Democrats are expected to use the two days of hearings to challenge Sessions’ commitment to civil rights, a chief priority of the Justice Department during the Obama administration. They also are likely to press him on his hardline stance on immigration policy.
Sen. Dianne Feinstein, D-Calif., the committee’s top Democrat, offered words of caution in her opening remarks. Recalling then-candidate Donald Trump’s threat during the campaign to appoint a special prosecutor to look at Democratic opponent Hillary Clinton, she said: “Mr. Chairman, that’s not what an attorney general does. … An attorney general does not investigate or prosecute at the direction of the president.”
She also critiqued what she called Sessions’ “extremely conservative agenda,” citing his votes against the so-called DREAM Act and other policies Democrats backed.
But Republicans have expressed strong support and are expected to secure more than enough votes needed to confirm him, including from some Democrats in conservative-leaning states.
The Alabama lawmaker is known as one of the most staunchly conservative members of the Senate, and has already drawn opposition from at least two Democrats, New Jersey Sen. Cory Booker and Ohio Sen. Sherrod Brown.
In a dramatic turn, Booker — one of three black senators — said he will testify against Sessions on Wednesday, marking an apparently unprecedented move by a senator to testify against a colleague seeking a Cabinet post. In a statement, Booker accused Sessions of having a “concerning” record on civil rights and criminal justice reform and called his decision “a call to conscience.” Booker has only been in the U.S. Senate since 2013, having previously served as Newark mayor.
If confirmed, Sessions, a four-term senator, would succeed outgoing Attorney General Loretta Lynch and would be in a position to dramatically reshape Justice Department priorities in the areas of civil rights, environmental enforcement and criminal justice.
Sessions was first elected to the Senate in 1996 and before that served as state attorney general and a United States attorney. He’s been a reliably conservative voice in Congress, supporting government surveillance programs, objecting to the proposed closure of the Guantanamo Bay, Cuba, detention facility and opposing as too lenient a 2013 bipartisan immigration bill that included a pathway to citizenship for the estimated 11 million immigrants living in the U.S. illegally.

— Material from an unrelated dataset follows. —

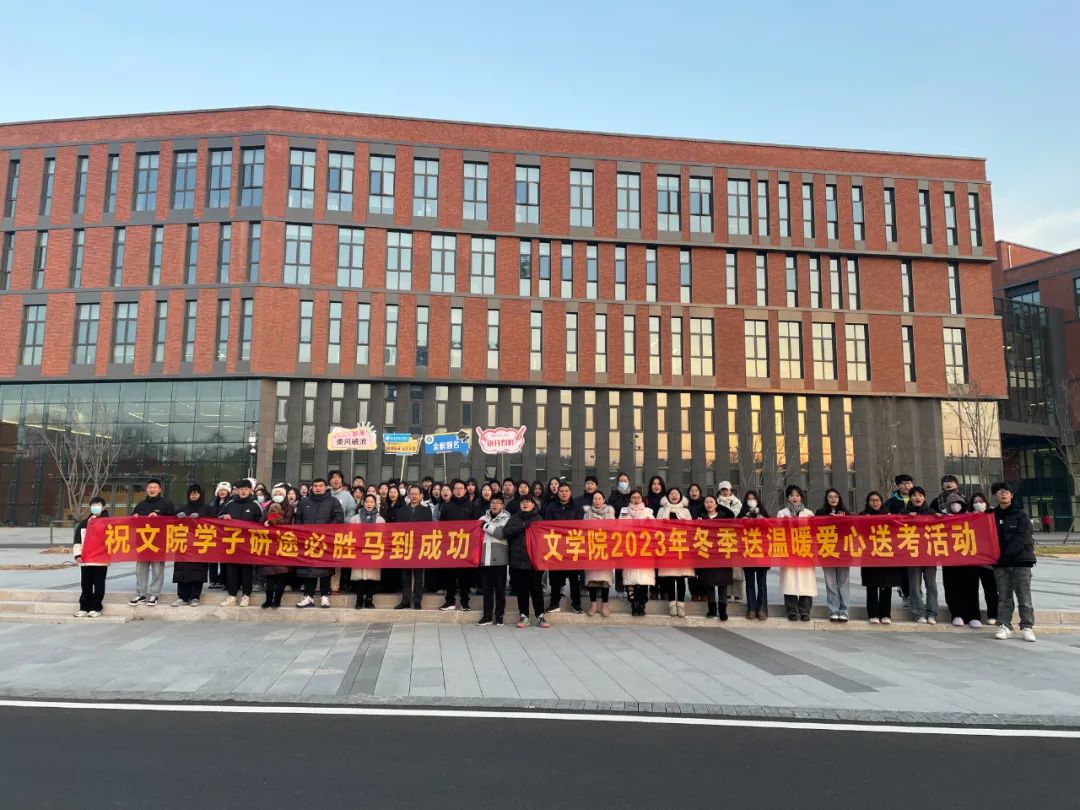 为鼓舞我院考研学子士气,增强考研信心,传递对考研学子的祝福关心。12月23日早上,我院在教学楼前开展文学院2023年冬季送温暖爱心送考活动。文学院院长毛正天,党总支书记李赟,教学副院长黄亚妮,学工秘书徐远东,部分辅导员和学生会成员参与此次活动。

He will look to turn the page from a failed confirmation hearing in 1986, when his nomination for a federal judgeship was derailed by accusations he had made racially insensitive comments as a federal prosecutor.
Civil rights advocates have rallied against his nomination, with protesters staging a sit-in last week at a Sessions office in Alabama and circulating letters opposed to his nomination. Advocacy groups have drawn attention to positions from Sessions they fear could weaken legal protections for immigrants, minority voters and gays, lesbians and transgender people.
Sessions’ supporters have pointed to bipartisan work in the Senate and to supportive statements from some Democrats and even the son of a civil rights activist whom Sessions unsuccessfully prosecuted for voter fraud in Alabama.
“You know who I am. You know what I believe in. You know that I am a man of my word and can be trusted to do what I say I will do,” Sessions said Tuesday.